先週引っ越してきたばかりであるが故に土地勘が全くない場所で、迷子らしき幼児に遭遇し、現在めちゃくちゃ泣いている幼児にしがみつかれていて動けない。隣には自称・同級生で隣の席だという赤毛の美少女がいる。フィガロは、美少女アンジェリーナの重い荷物を両手に持っていた。

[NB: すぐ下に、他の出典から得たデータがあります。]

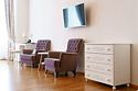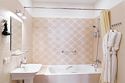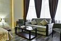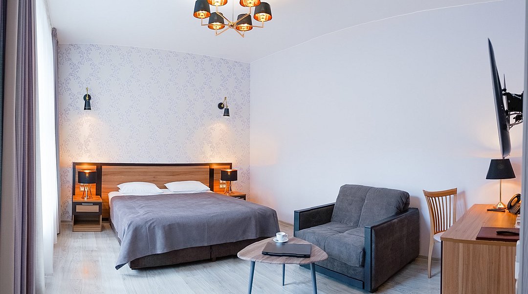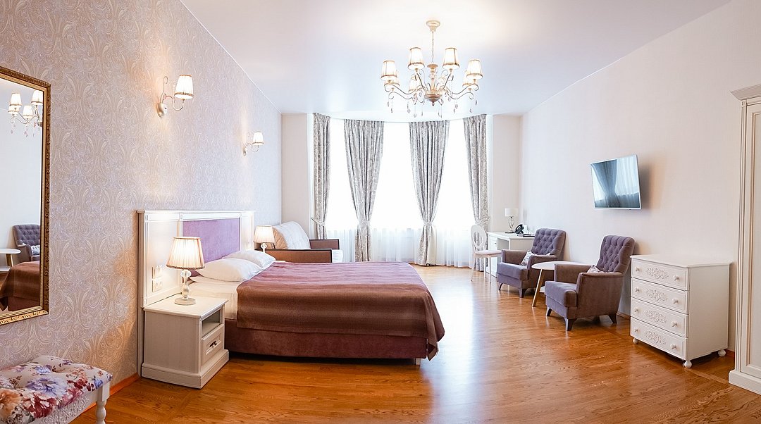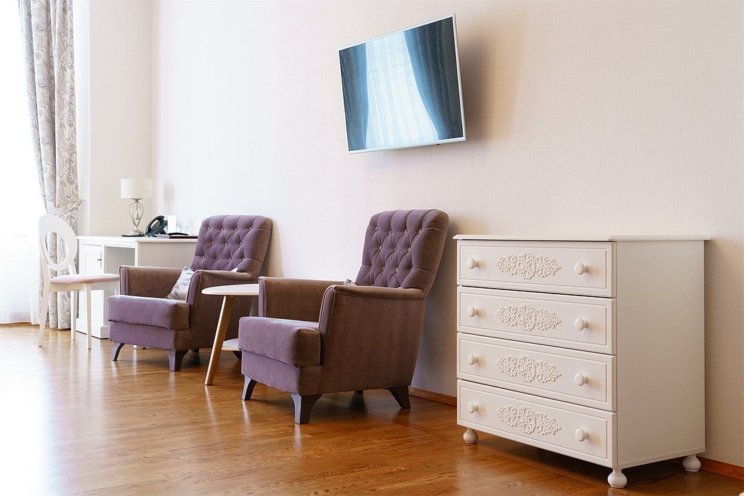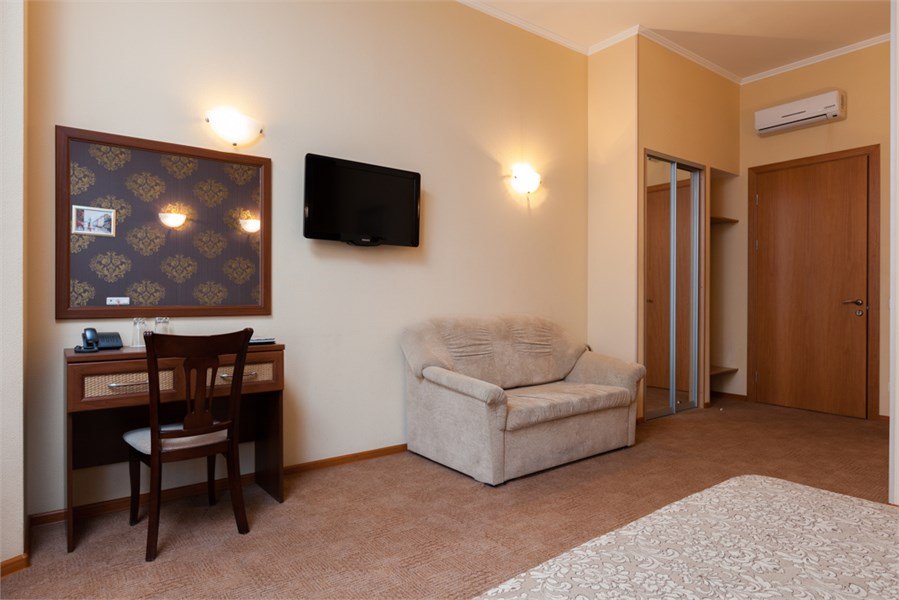 телевизор, Wi-Fi, телефон, холодильник, кондиционер, фен, ванна, ванная с джакузи, банные принадлежности, халаты, банные полотенца, тапочки, косметические средства, кровать «King size», две односпальные кровати, диван, стулья, шкаф для одежды, вешалки, журнальный столик, письменный стол, багажная тумба, зеркало, мягкая мебель, кулер на этаже, креслоВ номере

「ねぇ、フィガロ。どうする? この子を放っては帰れないわ」
「……領軍の詰所どこ?」
「詰所に連れていくの?」
「迷子なら地域課の軍人が親を探してくれる」
「へぇ。そうなのね。でもね、残念なお知らせがあるの」
「なに」
「私、詰所の場所知らないのよね。詰所に行ったことないもの」
「……マジで?」
「マジよ」
「まぁぁまぁぁぁぁ!! あぁぁぁぁ……」
フィガロはこの状況をどうしたらいいのか思い浮かばず、現実逃避をするように空を見上げた。いっそ憎々しい程澄み渡った雲一つない青空を見上げながら、どうしてこうなったんだっけ……と自分の記憶を振り返った。
ーーーーーー
フィガロは今年で10歳になる。土の宗主国サンガレア領の中で一番大きな街である通称・中央の街から、一週間前にバーバラの街に引っ越してきた。フィガロは父親であるガイナと2人で、小さな一軒家に住んでいる。
この世は男女比が平等ではなく、6:4で男の方が多い。土の宗主国では複婚や同性婚が認められており、土の宗主国王都とサンガレア領の中央の街には男同士でも子供をつくることができる施設が存在する。

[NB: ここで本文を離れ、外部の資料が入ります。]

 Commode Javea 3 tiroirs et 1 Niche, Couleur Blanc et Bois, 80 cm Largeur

フィガロの両親は男夫婦だった。三ヶ月前に離婚をしたので過去形である。もう1人の父親バーナードは女と浮気をした挙げ句、相手の女に子供ができ、ガイナとフィガロを捨てて、浮気相手の女と結婚をした。離婚の話し合いを隠れてこっそり覗いていた時に、『俺の子供はこれから増えるからさ。別にいらねぇし、フィガロはお前にやるよ』というバーナードの台詞を聞いた瞬間から、バーナードのことを父親とも家族とも思わなくなった。フィガロの父親はガイナだけだし、家族もガイナだけだ。

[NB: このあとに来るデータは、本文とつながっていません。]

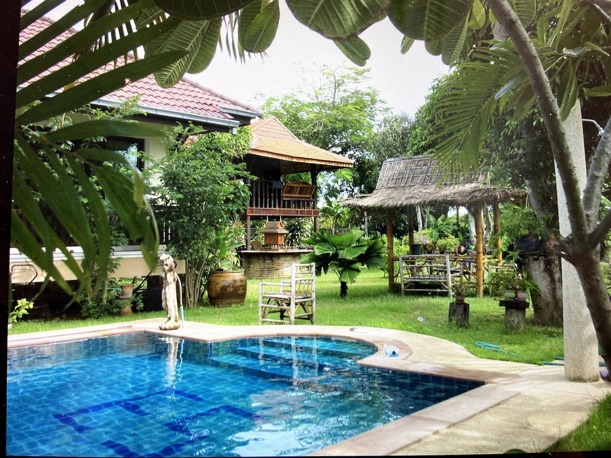 Hier bieten wir unser alleinstehendes Gästehaus auf unserem Grundstück, mit zwei kleinen Zimmern plus, wenn gewünscht einem weiteren größeren Gästezimmer im Haupthaus an. Das Gästehaus hat ein eigenes Bad und eigene Küche. Der Pool liegt direkt vor der Tür. Man sollte motorisiert (internationaler Führerschein) oder fit zum Fahrrad fahren sein. Motorroller oder Fahrräder können gerne gegen geringe Gebühr ausgeliehen werden. Für den Motorroller bitte an den internationalen Führerschein denken.

ガイナはサンガレア領軍に勤める軍人だ。離婚が決まってから、別の街への異動を希望し、フィガロと2人でバーバラへ引っ越した。ガイナは口が悪いし、すぐに手を出すし、顔が怖いが、少なくともフィガロを捨てたバーナードなんかよりも、ずっと優しい。泣くことなんて無縁そうな厳つい大男なガイナが、フィガロがバーナードに捨てられたことを悲しんで、こっそり泣いていたことを知っている。自分が裏切られて捨てられたことよりも、フィガロが捨てられたことの方が憐れで悲しかったらしい。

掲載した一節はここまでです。